寮の窓から差し込む陽光が白いカーテンを揺らし、部屋を明るくしている。
セレナは制服の襟を直し、鏡の前で髪を編んでいた。
彼女は数回深呼吸をした後、机の上の手紙に目を向ける。
それはクラリスから届いたものであった。
“セレナへ 明日はあなたの最初の試験ね。緊張するかもしれないけれど、あなたはちゃんと準備してきたわ。大切なのは、誰かと比べることじゃなくて、自分の言葉で答えること。あなたは、あなたのままでいいのよ。――クラリスより”
セレナは手紙を畳み、胸元にしまう。姉からの言葉だった。
窓の外では、中庭のチューリップが風によって揺れている。
扉の外から同級生が集合時間を知らせる。
「セレナさん、もうすぐ集合時間ですよ。行きましょう?」
「うん、ありがとう。……行こう」
セレナは制服を整え、筆記用具を鞄に入れて立ち上がる。
廊下の窓から見える空は少し霞んでいるが、光が差し込んでいた。
*
今日の教室は初夏の日差しが差し込む静かな場所であり、室内には緊張した雰囲気が漂っている。

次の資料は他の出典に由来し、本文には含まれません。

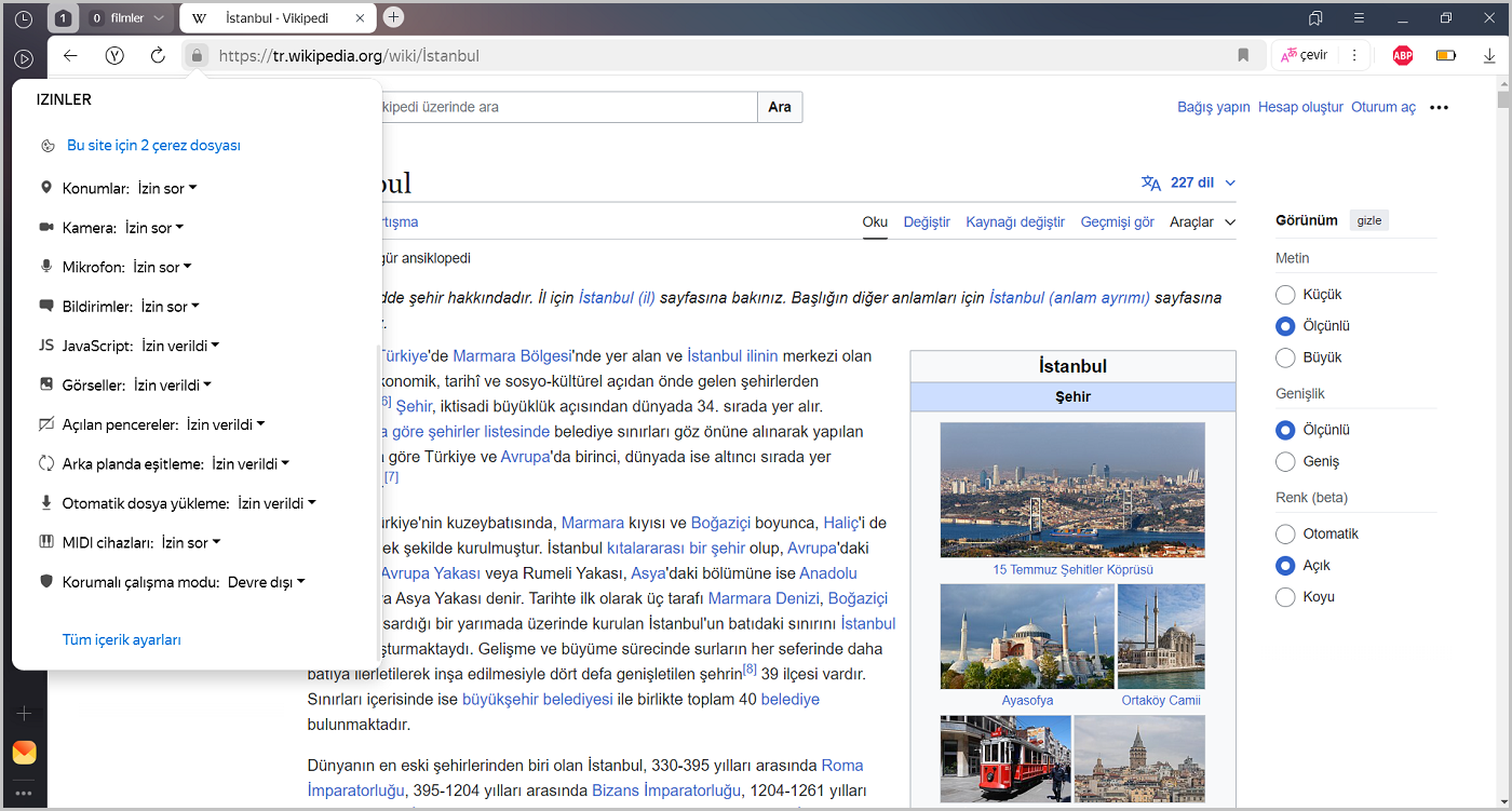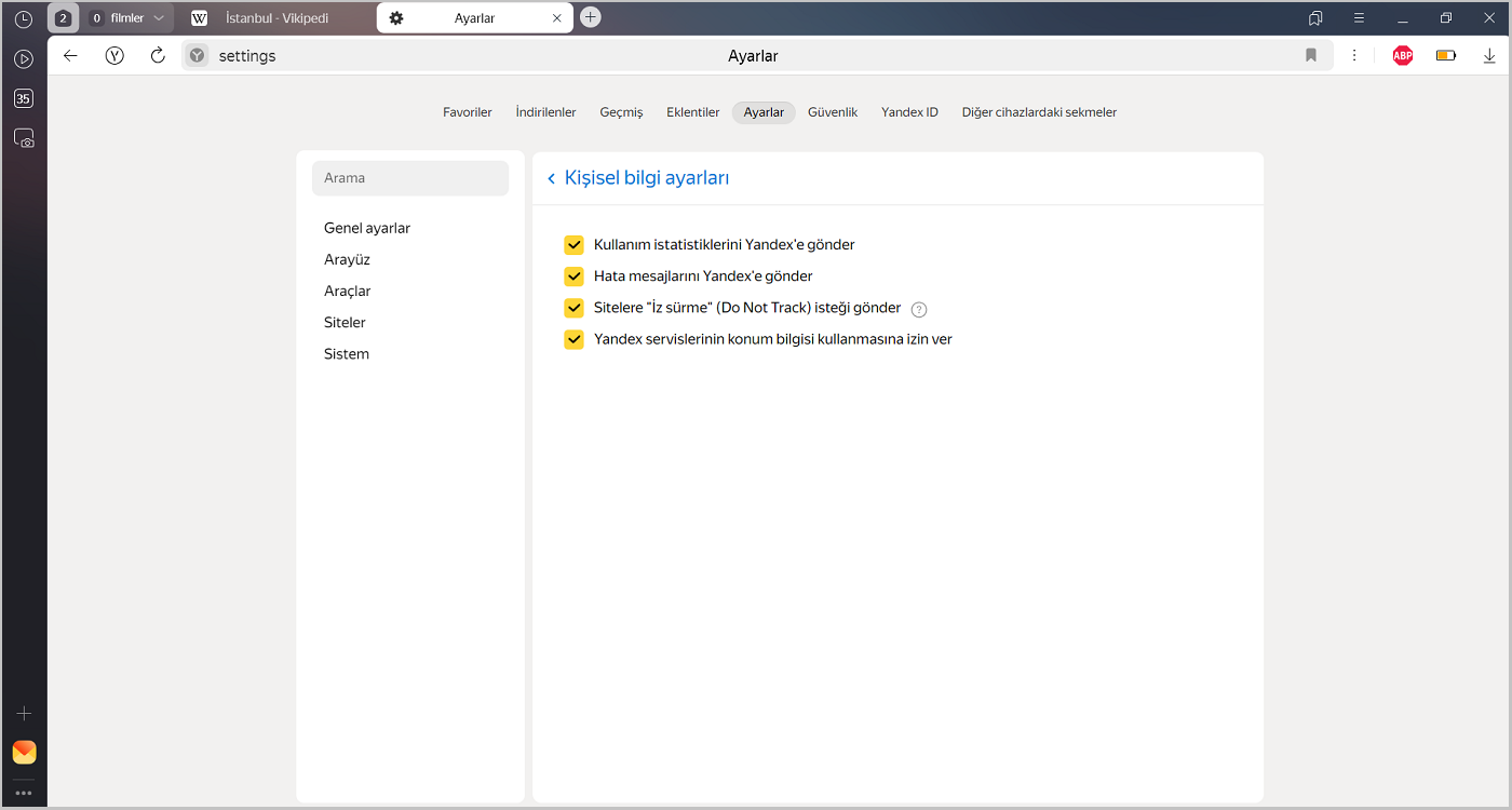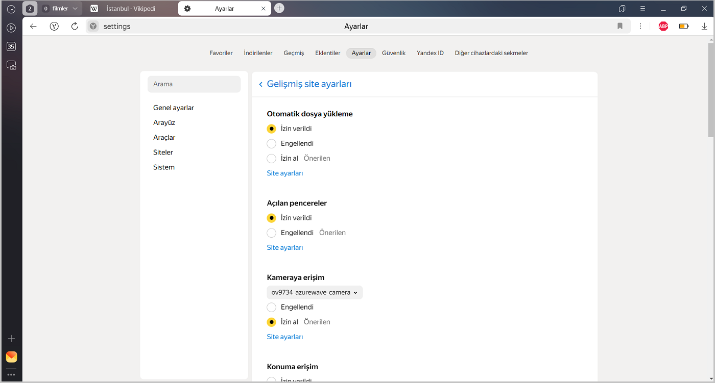 İnternette daha güvenli ve rahat gezinmeniz için Yandex Browser, ziyaret ettiğiniz sitelerin bazı öğelerini belirli şekillerde işler. Açılır pencereleri engeller, bir sitenin konum talebi vb. ile ilgili uyarıda bulunur. Protect paneli yardımıyla veya ayarlardan Yandex Browser’ın tüm sitelerdeki veya seçilen bir sitedeki davranışını değiştirebilirsiniz. Örneğin, tüm sitelerde JavaScript çalıştırmayı yasaklayabilir veya belirli bir site için kameranıza erişim izni verebilirsiniz.
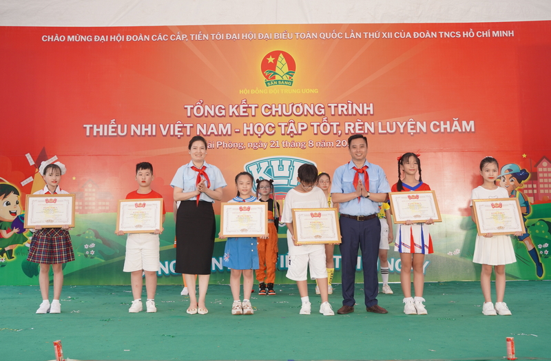 Nhân dịp này, Hội đồng Đội Trung ương trao tặng Công trình măng non “Xây dựng sân chơi thiếu nhi” và hàng cây “Vì một Việt Nam xanh” cho Trường Tiểu học Tràng Cát, quận Hải An, thành phố Hải Phòng, trị giá hơn 50 triệu đồng. Bên cạnh đó, Ban tổ chức đã trao tặng hơn 1.500 phần quà cho các em thiếu nhi tham gia chương trình./.

セレナは筆記用紙の前で鉛筆を持ち、王国紋章入りの試験用紙を確認する。
出題内容は「運命力制度の誕生とその意義について自身の考えを述べよ」である。
他の生徒たちは答案作成を進めており、紙とペンの音が響いている。
セレナは問題文を見て思案し、過去の講堂で回答する姉の姿や、試験で高い成績を収める姉について考える。
その後、ユリウスから過去に受け取った言葉を思い出し、呼吸を整えて答案を書き始める。
「私は、制度があることは重要だと考えます。しかし、数値だけで人の価値を判断する点には慎重さが必要です。姉は高い運命力を有していますが、努力や人柄も評価すべきです。私は数字以外にも心を重視する姿勢を持ちたいと考えています。」
答案を書き終えた後、セレナは静かに鉛筆を置き、試験官の指示で用紙を提出して席を離れた。
*
試験が終わったその午後、セレナは長椅子にぐったりと座り込んでいた。
窓の外には初夏の陽射しが差し込み、ふわりとカーテンが揺れる。
「終わった…」
セレナから思わず小さくため息が漏れた。
緊張から解放されて肩の力が抜ける一方で、不思議と心は静かだった。
(あんな答案で良かったのかななんて不安もあるけど、自分の気持ちはちゃんと書けた気がする。)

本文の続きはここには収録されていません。